(Entries provided begins)

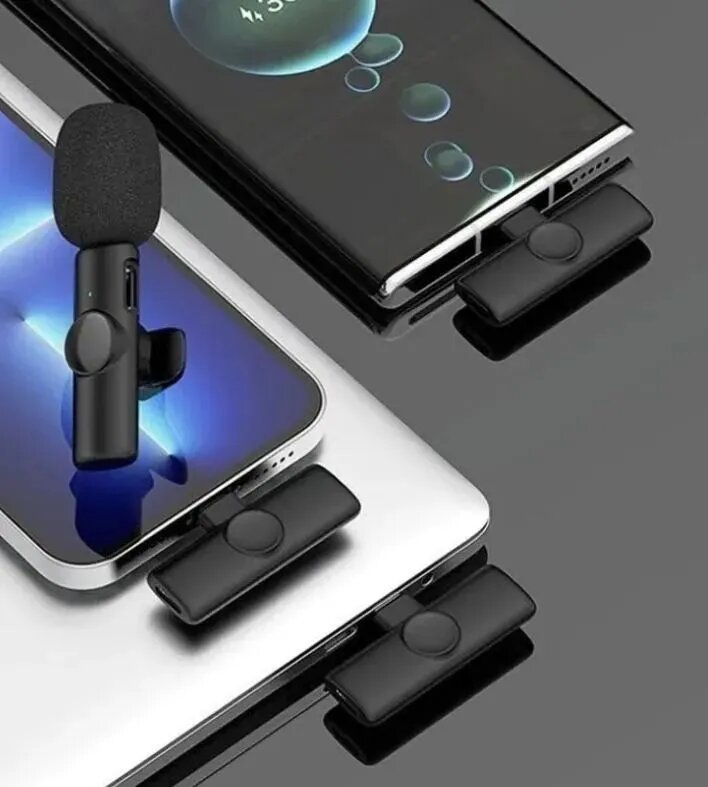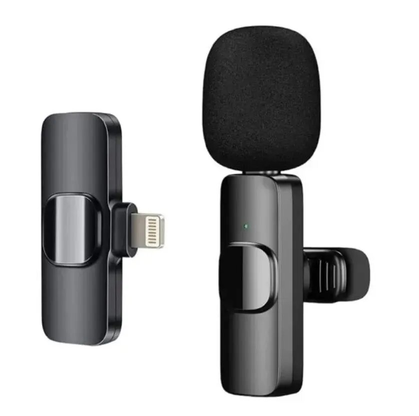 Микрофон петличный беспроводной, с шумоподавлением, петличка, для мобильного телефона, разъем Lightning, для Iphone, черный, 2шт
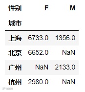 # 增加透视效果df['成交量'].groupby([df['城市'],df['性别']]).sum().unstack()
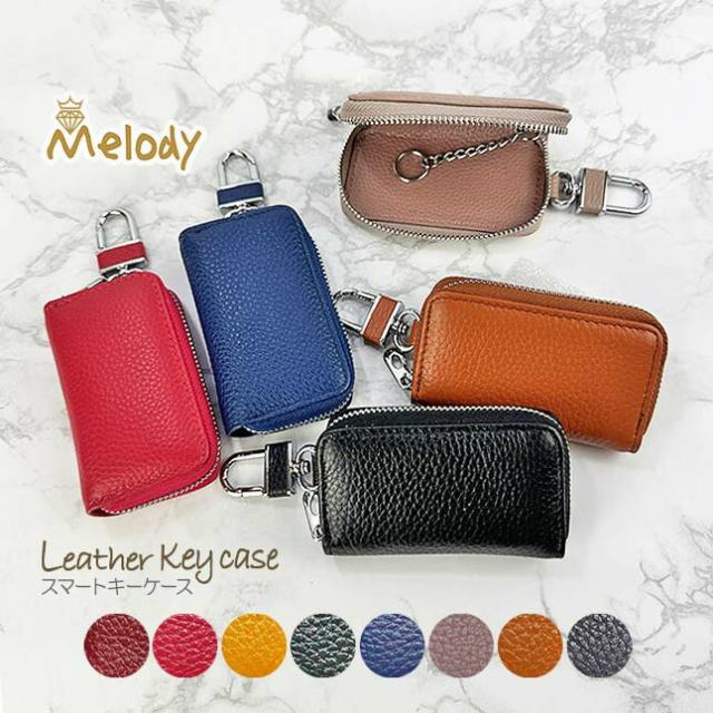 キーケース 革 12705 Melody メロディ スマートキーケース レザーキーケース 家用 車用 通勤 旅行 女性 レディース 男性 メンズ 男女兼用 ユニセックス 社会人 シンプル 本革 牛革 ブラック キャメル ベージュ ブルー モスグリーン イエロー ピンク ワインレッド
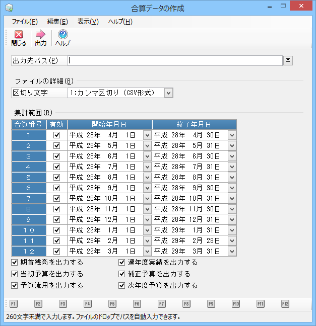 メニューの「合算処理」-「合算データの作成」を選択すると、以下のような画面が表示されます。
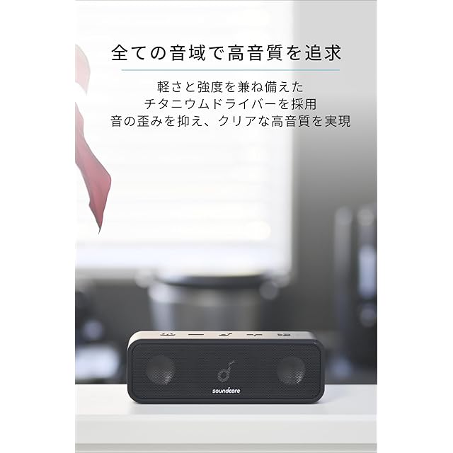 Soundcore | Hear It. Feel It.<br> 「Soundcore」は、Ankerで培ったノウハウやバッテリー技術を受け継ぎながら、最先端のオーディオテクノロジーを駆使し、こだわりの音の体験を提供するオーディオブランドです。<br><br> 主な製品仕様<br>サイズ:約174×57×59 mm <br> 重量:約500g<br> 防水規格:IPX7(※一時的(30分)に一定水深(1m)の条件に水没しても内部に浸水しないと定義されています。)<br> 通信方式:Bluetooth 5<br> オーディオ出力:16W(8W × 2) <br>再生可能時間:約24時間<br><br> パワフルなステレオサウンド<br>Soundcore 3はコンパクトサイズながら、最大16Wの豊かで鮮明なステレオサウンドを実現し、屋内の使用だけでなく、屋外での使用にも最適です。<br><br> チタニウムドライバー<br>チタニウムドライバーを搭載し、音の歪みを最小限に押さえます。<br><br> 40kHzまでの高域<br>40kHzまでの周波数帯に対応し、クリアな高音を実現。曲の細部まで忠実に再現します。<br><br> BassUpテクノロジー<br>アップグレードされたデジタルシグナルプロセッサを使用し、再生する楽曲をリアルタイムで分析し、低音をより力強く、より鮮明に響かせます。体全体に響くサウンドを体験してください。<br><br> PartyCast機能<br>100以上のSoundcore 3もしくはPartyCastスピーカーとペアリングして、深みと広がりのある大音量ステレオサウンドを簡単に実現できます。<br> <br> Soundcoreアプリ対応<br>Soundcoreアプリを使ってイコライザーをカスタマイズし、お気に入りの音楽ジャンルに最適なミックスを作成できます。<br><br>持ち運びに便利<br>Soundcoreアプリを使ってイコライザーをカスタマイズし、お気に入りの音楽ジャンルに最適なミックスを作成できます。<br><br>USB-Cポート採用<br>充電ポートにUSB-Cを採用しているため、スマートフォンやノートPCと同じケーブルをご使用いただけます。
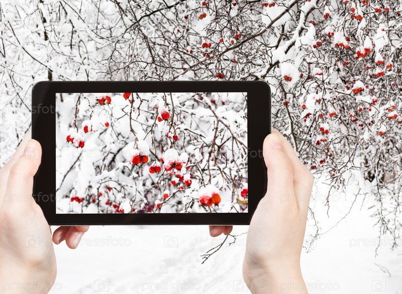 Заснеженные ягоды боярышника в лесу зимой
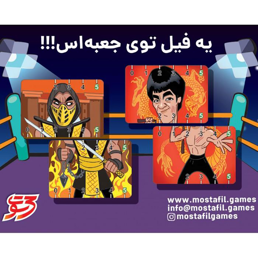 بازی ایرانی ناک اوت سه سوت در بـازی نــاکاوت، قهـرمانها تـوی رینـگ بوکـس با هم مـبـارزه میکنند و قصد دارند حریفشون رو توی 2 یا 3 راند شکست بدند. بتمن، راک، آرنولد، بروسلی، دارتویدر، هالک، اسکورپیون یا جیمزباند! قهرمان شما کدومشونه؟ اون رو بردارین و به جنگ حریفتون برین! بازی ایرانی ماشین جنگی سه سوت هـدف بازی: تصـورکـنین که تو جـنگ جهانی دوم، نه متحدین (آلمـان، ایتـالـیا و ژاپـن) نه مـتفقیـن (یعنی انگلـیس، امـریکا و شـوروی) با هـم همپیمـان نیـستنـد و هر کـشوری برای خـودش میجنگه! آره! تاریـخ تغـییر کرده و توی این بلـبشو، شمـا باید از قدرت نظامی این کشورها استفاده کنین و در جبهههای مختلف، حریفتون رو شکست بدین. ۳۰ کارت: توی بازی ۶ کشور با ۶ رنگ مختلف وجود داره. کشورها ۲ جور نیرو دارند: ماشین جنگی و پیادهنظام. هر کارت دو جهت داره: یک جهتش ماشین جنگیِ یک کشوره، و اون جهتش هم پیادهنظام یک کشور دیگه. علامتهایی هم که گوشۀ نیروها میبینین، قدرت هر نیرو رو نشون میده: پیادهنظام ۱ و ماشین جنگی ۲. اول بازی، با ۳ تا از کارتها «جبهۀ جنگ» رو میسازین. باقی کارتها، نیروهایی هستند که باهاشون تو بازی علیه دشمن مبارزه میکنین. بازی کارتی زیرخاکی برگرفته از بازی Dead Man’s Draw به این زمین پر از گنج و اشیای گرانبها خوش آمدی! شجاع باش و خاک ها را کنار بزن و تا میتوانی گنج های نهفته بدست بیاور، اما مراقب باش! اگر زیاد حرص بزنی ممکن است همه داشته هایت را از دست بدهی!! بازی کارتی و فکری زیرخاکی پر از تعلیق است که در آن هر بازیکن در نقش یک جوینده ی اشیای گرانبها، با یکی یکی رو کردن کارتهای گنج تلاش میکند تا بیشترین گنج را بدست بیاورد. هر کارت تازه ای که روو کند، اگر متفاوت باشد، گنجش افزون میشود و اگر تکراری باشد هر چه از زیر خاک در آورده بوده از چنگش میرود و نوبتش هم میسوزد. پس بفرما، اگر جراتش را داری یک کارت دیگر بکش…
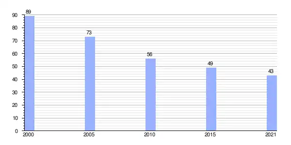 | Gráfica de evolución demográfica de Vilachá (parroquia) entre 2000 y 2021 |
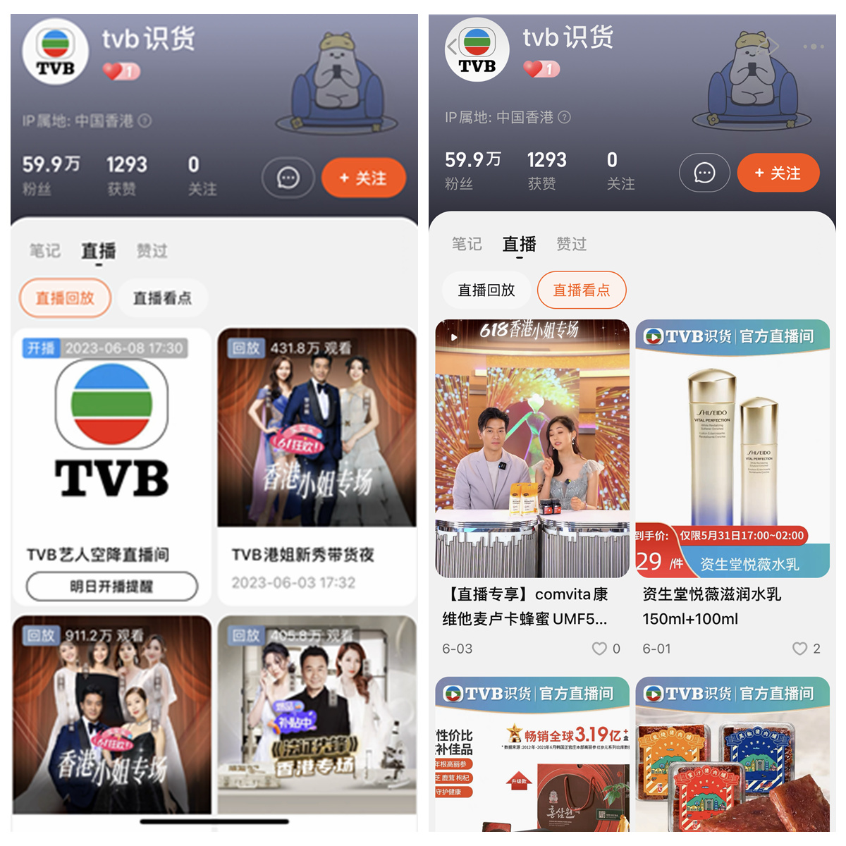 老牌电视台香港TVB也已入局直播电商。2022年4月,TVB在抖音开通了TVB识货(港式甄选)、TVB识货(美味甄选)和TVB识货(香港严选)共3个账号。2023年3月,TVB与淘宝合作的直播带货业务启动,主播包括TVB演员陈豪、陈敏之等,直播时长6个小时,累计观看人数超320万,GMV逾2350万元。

(Entries provided ends)

_Problem statement_: Where the data contains images, drop them and print the rest exactly.

_Answer for this exercise_:
 Микрофон петличный беспроводной, с шумоподавлением, петличка, для мобильного телефона, разъем Lightning, для Iphone, черный, 2шт
 # 增加透视效果df['成交量'].groupby([df['城市'],df['性别']]).sum().unstack()
 キーケース 革 12705 Melody メロディ スマートキーケース レザーキーケース 家用 車用 通勤 旅行 女性 レディース 男性 メンズ 男女兼用 ユニセックス 社会人 シンプル 本革 牛革 ブラック キャメル ベージュ ブルー モスグリーン イエロー ピンク ワインレッド
 メニューの「合算処理」-「合算データの作成」を選択すると、以下のような画面が表示されます。
 Soundcore | Hear It. Feel It.<br> 「Soundcore」は、Ankerで培ったノウハウやバッテリー技術を受け継ぎながら、最先端のオーディオテクノロジーを駆使し、こだわりの音の体験を提供するオーディオブランドです。<br><br> 主な製品仕様<br>サイズ:約174×57×59 mm <br> 重量:約500g<br> 防水規格:IPX7(※一時的(30分)に一定水深(1m)の条件に水没しても内部に浸水しないと定義されています。)<br> 通信方式:Bluetooth 5<br> オーディオ出力:16W(8W × 2) <br>再生可能時間:約24時間<br><br> パワフルなステレオサウンド<br>Soundcore 3はコンパクトサイズながら、最大16Wの豊かで鮮明なステレオサウンドを実現し、屋内の使用だけでなく、屋外での使用にも最適です。<br><br> チタニウムドライバー<br>チタニウムドライバーを搭載し、音の歪みを最小限に押さえます。<br><br> 40kHzまでの高域<br>40kHzまでの周波数帯に対応し、クリアな高音を実現。曲の細部まで忠実に再現します。<br><br> BassUpテクノロジー<br>アップグレードされたデジタルシグナルプロセッサを使用し、再生する楽曲をリアルタイムで分析し、低音をより力強く、より鮮明に響かせます。体全体に響くサウンドを体験してください。<br><br> PartyCast機能<br>100以上のSoundcore 3もしくはPartyCastスピーカーとペアリングして、深みと広がりのある大音量ステレオサウンドを簡単に実現できます。<br> <br> Soundcoreアプリ対応<br>Soundcoreアプリを使ってイコライザーをカスタマイズし、お気に入りの音楽ジャンルに最適なミックスを作成できます。<br><br>持ち運びに便利<br>Soundcoreアプリを使ってイコライザーをカスタマイズし、お気に入りの音楽ジャンルに最適なミックスを作成できます。<br><br>USB-Cポート採用<br>充電ポートにUSB-Cを採用しているため、スマートフォンやノートPCと同じケーブルをご使用いただけます。
 Заснеженные ягоды боярышника в лесу зимой
 بازی ایرانی ناک اوت سه سوت در بـازی نــاکاوت، قهـرمانها تـوی رینـگ بوکـس با هم مـبـارزه میکنند و قصد دارند حریفشون رو توی 2 یا 3 راند شکست بدند. بتمن، راک، آرنولد، بروسلی، دارتویدر، هالک، اسکورپیون یا جیمزباند! قهرمان شما کدومشونه؟ اون رو بردارین و به جنگ حریفتون برین! بازی ایرانی ماشین جنگی سه سوت هـدف بازی: تصـورکـنین که تو جـنگ جهانی دوم، نه متحدین (آلمـان، ایتـالـیا و ژاپـن) نه مـتفقیـن (یعنی انگلـیس، امـریکا و شـوروی) با هـم همپیمـان نیـستنـد و هر کـشوری برای خـودش میجنگه! آره! تاریـخ تغـییر کرده و توی این بلـبشو، شمـا باید از قدرت نظامی این کشورها استفاده کنین و در جبهههای مختلف، حریفتون رو شکست بدین. ۳۰ کارت: توی بازی ۶ کشور با ۶ رنگ مختلف وجود داره. کشورها ۲ جور نیرو دارند: ماشین جنگی و پیادهنظام. هر کارت دو جهت داره: یک جهتش ماشین جنگیِ یک کشوره، و اون جهتش هم پیادهنظام یک کشور دیگه. علامتهایی هم که گوشۀ نیروها میبینین، قدرت هر نیرو رو نشون میده: پیادهنظام ۱ و ماشین جنگی ۲. اول بازی، با ۳ تا از کارتها «جبهۀ جنگ» رو میسازین. باقی کارتها، نیروهایی هستند که باهاشون تو بازی علیه دشمن مبارزه میکنین. بازی کارتی زیرخاکی برگرفته از بازی Dead Man’s Draw به این زمین پر از گنج و اشیای گرانبها خوش آمدی! شجاع باش و خاک ها را کنار بزن و تا میتوانی گنج های نهفته بدست بیاور، اما مراقب باش! اگر زیاد حرص بزنی ممکن است همه داشته هایت را از دست بدهی!! بازی کارتی و فکری زیرخاکی پر از تعلیق است که در آن هر بازیکن در نقش یک جوینده ی اشیای گرانبها، با یکی یکی رو کردن کارتهای گنج تلاش میکند تا بیشترین گنج را بدست بیاورد. هر کارت تازه ای که روو کند، اگر متفاوت باشد، گنجش افزون میشود و اگر تکراری باشد هر چه از زیر خاک در آورده بوده از چنگش میرود و نوبتش هم میسوزد. پس بفرما، اگر جراتش را داری یک کارت دیگر بکش…
 | Gráfica de evolución demográfica de Vilachá (parroquia) entre 2000 y 2021 |
 老牌电视台香港TVB也已入局直播电商。2022年4月,TVB在抖音开通了TVB识货(港式甄选)、TVB识货(美味甄选)和TVB识货(香港严选)共3个账号。2023年3月,TVB与淘宝合作的直播带货业务启动,主播包括TVB演员陈豪、陈敏之等,直播时长6个小时,累计观看人数超320万,GMV逾2350万元。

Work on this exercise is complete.